Exclude the pictures, then restate every entry below exactly.

[Data excerpts]
---

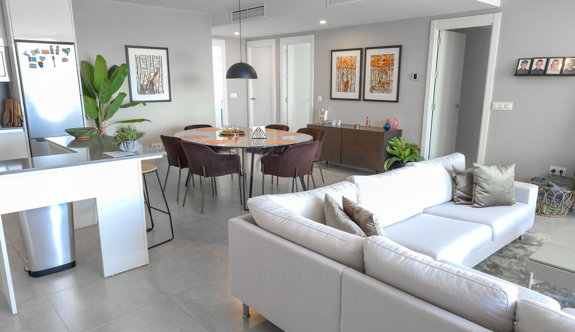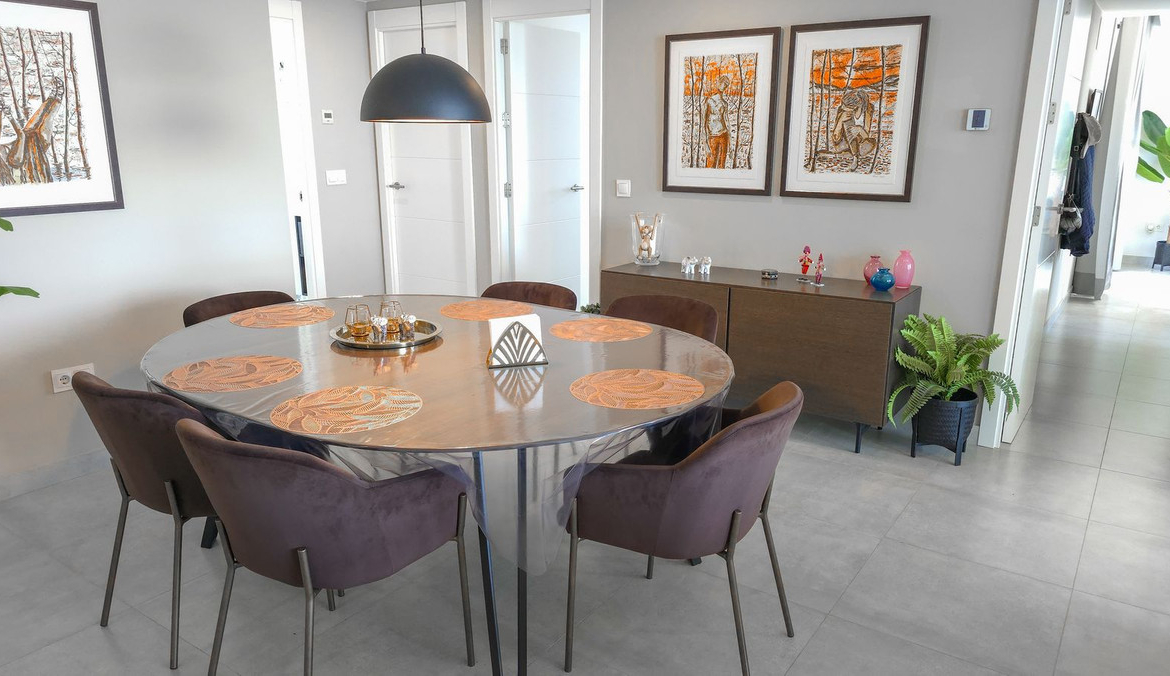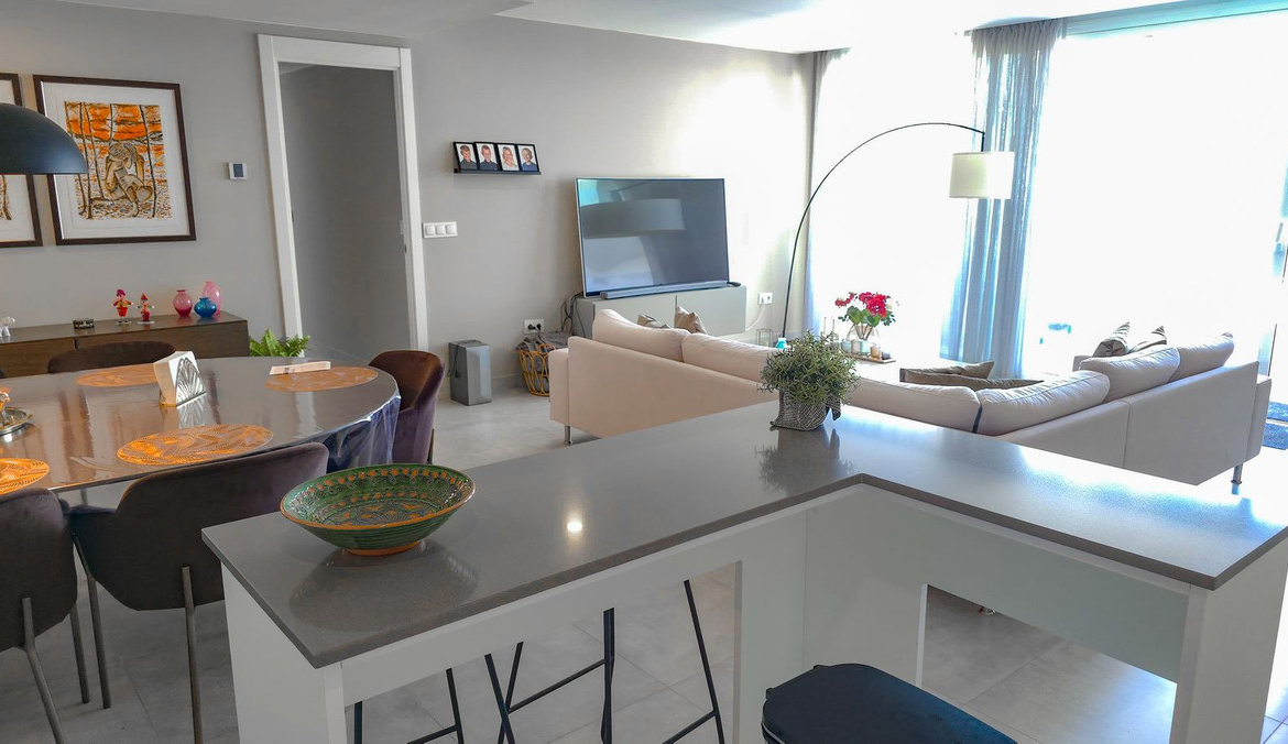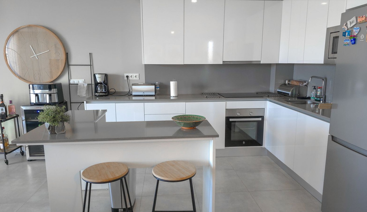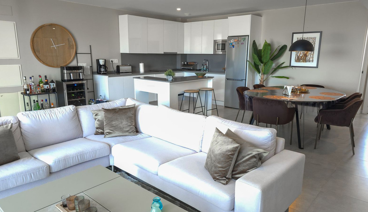 Located in an elevated position above La Cala de Mijas, this penthouse offers sweeping views over the town, surrounding landscapes, and the Mediterranean. The interior layout is designed with open-plan living, generous windows that flood the rooms with natural light, and seamless access to the large terraces. The spacious kitchen and dining area connect effortlessly with the lounge, creating an ideal space for both everyday life and entertaining.
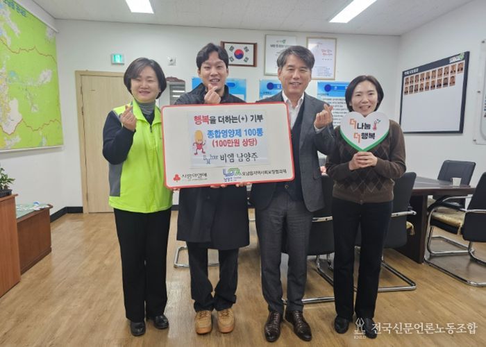 전국신문언론노동조합 김성길 기자 | 남양주시는 4일 유통 전문회사 비엠 남양주가 지역 내 취약계층을 위해 마련한 종합영양제 100통을 오남읍 지역사회보장협의체에 전달했다고 밝혔다.
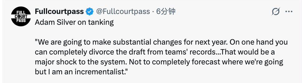 萧华指出,目前的矛盾在于:联盟存在合理的重建需求,即便有些球队在赛季末让核心轮休、给年轻球员机会,这也并非他所担忧的“摆烂”。他更在意的是今年出现的摆烂伦理层面的变化——他将其称为一场“完美风暴”:今年6月将迎来一届潜力十足的选秀,而未来几年的选秀预期则相对平淡,这诱使球队刻意摆烂。
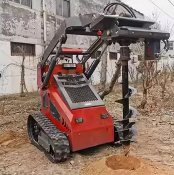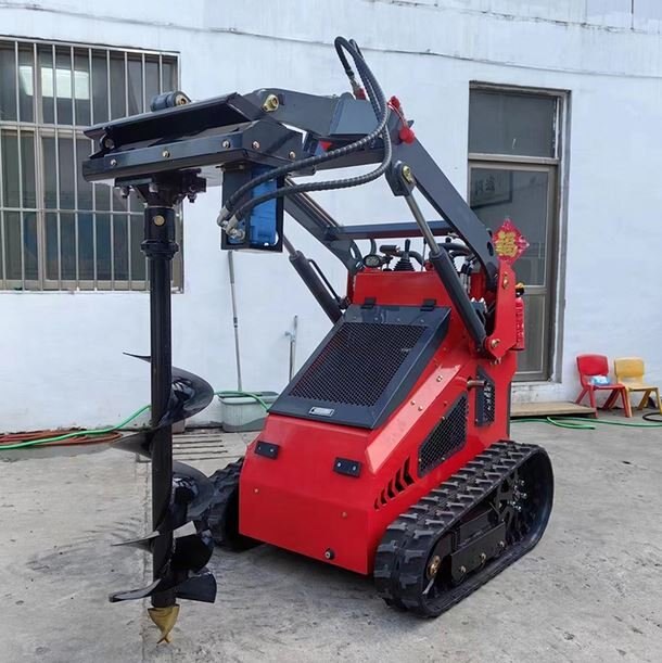 Derette 430T mini skid steer loader with AugerAn Auger is a common attachment for a skid steer loader, primarily used for drilling holes. This tool is very useful in construction, agriculture, landscaping, and other applications where hole drilling is required. The design of an Auger enables it to efficiently penetrate soil or other soft materials, making it suitable for a range of tasks such as fence post installation, tree planting, sign setting, and more.
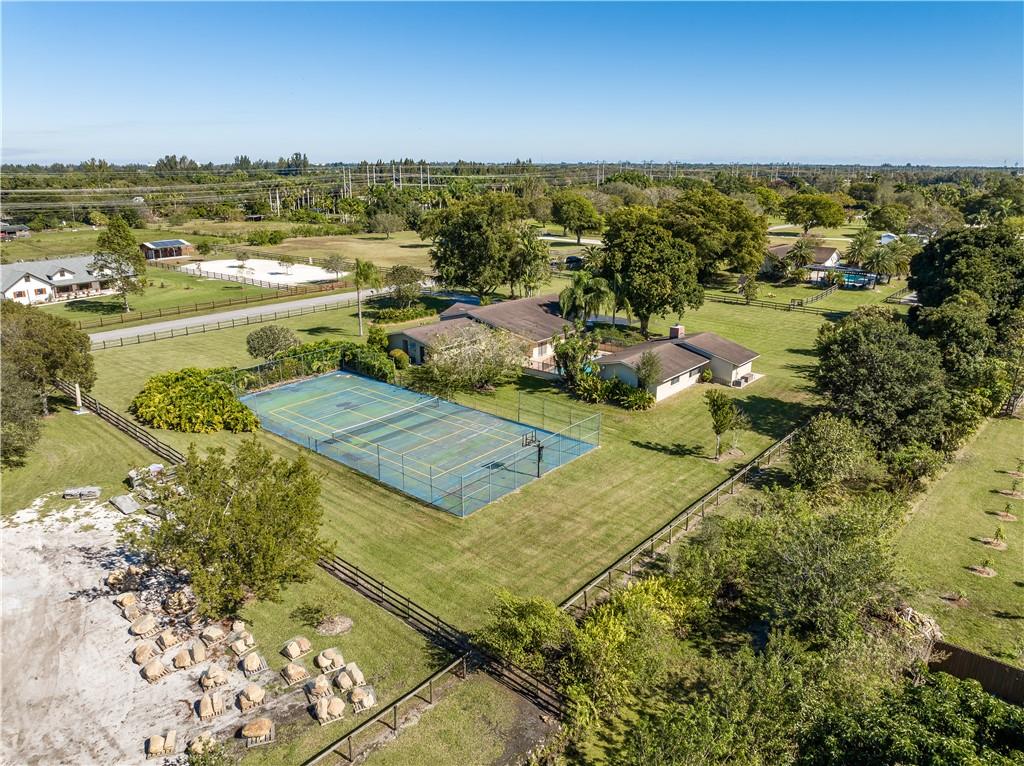 First time on market in Rolling Oaks! 4BR/3.5BA home (incl. guest house) spans 2.33 acres and is an absolute gem. True Southwest Ranches splendor with inviting long drive, fruit trees (avocado, banana, fig, macadamia, seedless mulberry, mango). Interior is traditional ranch-style home featuring wood-beam ceilings, vinyl and tile flooring, wet bar, open kitchen with Thermador appliances, in-wall central vac. Fully gated and fenced, the home is meant for entertaining family and friends and boasts pool, tennis, basketball, and a 1BR/1BA guest house. It fully embraces the outdoor lifestyle with built-in brick grill kitchen, perfect for all celebrations. 2-car garage with Tesla charging station complete the offering. A wonderful family home. Easy to show. Show and sell!
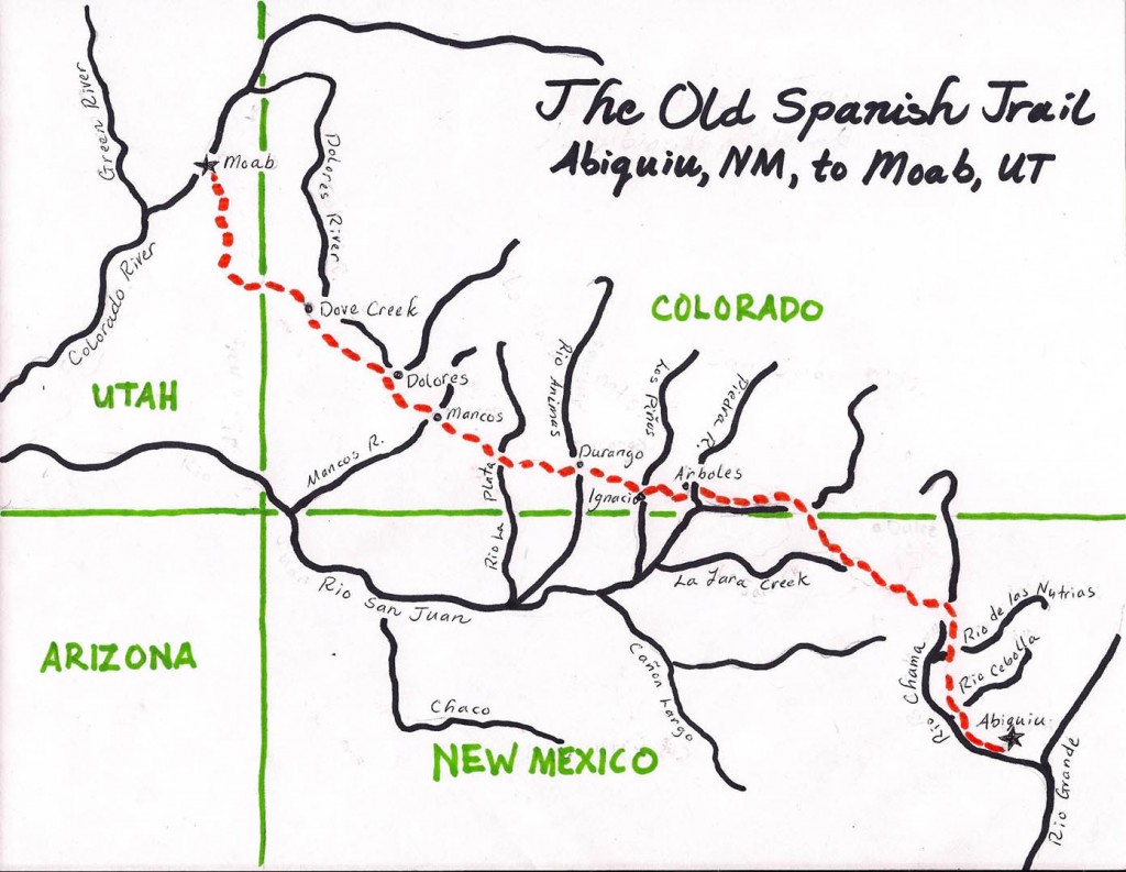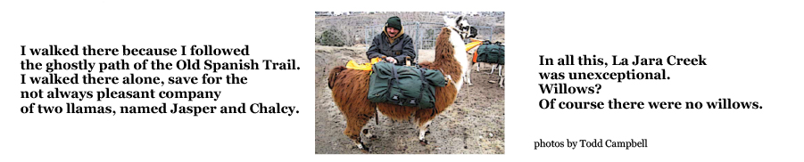 I walked there because I followed the ghostly path of the Old Spanish Trail. I walked there alone, save for the not always pleasant company of two llamas, named Jasper and Chalcy. These creatures had been impressed, with a steadily growing resentment, into carrying my gear and supplies for a month-long excursion along the historic path. Once trod by Mexican traders in the decades between 1828-1848, the Main Branch of the Old Spanish Trail, (which I was following), wound in a general northwesterly direction from its start in Abiquiu, New Mexico. It would hold this northwesterly course for some 400 miles until it reached Green River, Utah. Here the trail would swing west and then southwest in a great arc that would eventually bring it 1200 miles to its terminus in Los Angeles. I was hoping, over the course of the next few weeks, to walk the easterly section of the trail from Abiquiu to Moab.
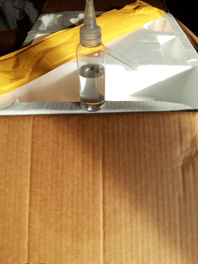 Вся коробка в масле, помятая, пластификатор весь вытек. Месяц шёл аппарат! Для экспресс доставки очень долго!

---

#### [Solution to this exercise]
 Located in an elevated position above La Cala de Mijas, this penthouse offers sweeping views over the town, surrounding landscapes, and the Mediterranean. The interior layout is designed with open-plan living, generous windows that flood the rooms with natural light, and seamless access to the large terraces. The spacious kitchen and dining area connect effortlessly with the lounge, creating an ideal space for both everyday life and entertaining.
 전국신문언론노동조합 김성길 기자 | 남양주시는 4일 유통 전문회사 비엠 남양주가 지역 내 취약계층을 위해 마련한 종합영양제 100통을 오남읍 지역사회보장협의체에 전달했다고 밝혔다.
 萧华指出,目前的矛盾在于:联盟存在合理的重建需求,即便有些球队在赛季末让核心轮休、给年轻球员机会,这也并非他所担忧的“摆烂”。他更在意的是今年出现的摆烂伦理层面的变化——他将其称为一场“完美风暴”:今年6月将迎来一届潜力十足的选秀,而未来几年的选秀预期则相对平淡,这诱使球队刻意摆烂。
 Derette 430T mini skid steer loader with AugerAn Auger is a common attachment for a skid steer loader, primarily used for drilling holes. This tool is very useful in construction, agriculture, landscaping, and other applications where hole drilling is required. The design of an Auger enables it to efficiently penetrate soil or other soft materials, making it suitable for a range of tasks such as fence post installation, tree planting, sign setting, and more.
 First time on market in Rolling Oaks! 4BR/3.5BA home (incl. guest house) spans 2.33 acres and is an absolute gem. True Southwest Ranches splendor with inviting long drive, fruit trees (avocado, banana, fig, macadamia, seedless mulberry, mango). Interior is traditional ranch-style home featuring wood-beam ceilings, vinyl and tile flooring, wet bar, open kitchen with Thermador appliances, in-wall central vac. Fully gated and fenced, the home is meant for entertaining family and friends and boasts pool, tennis, basketball, and a 1BR/1BA guest house. It fully embraces the outdoor lifestyle with built-in brick grill kitchen, perfect for all celebrations. 2-car garage with Tesla charging station complete the offering. A wonderful family home. Easy to show. Show and sell!
 I walked there because I followed the ghostly path of the Old Spanish Trail. I walked there alone, save for the not always pleasant company of two llamas, named Jasper and Chalcy. These creatures had been impressed, with a steadily growing resentment, into carrying my gear and supplies for a month-long excursion along the historic path. Once trod by Mexican traders in the decades between 1828-1848, the Main Branch of the Old Spanish Trail, (which I was following), wound in a general northwesterly direction from its start in Abiquiu, New Mexico. It would hold this northwesterly course for some 400 miles until it reached Green River, Utah. Here the trail would swing west and then southwest in a great arc that would eventually bring it 1200 miles to its terminus in Los Angeles. I was hoping, over the course of the next few weeks, to walk the easterly section of the trail from Abiquiu to Moab.
 Вся коробка в масле, помятая, пластификатор весь вытек. Месяц шёл аппарат! Для экспресс доставки очень долго!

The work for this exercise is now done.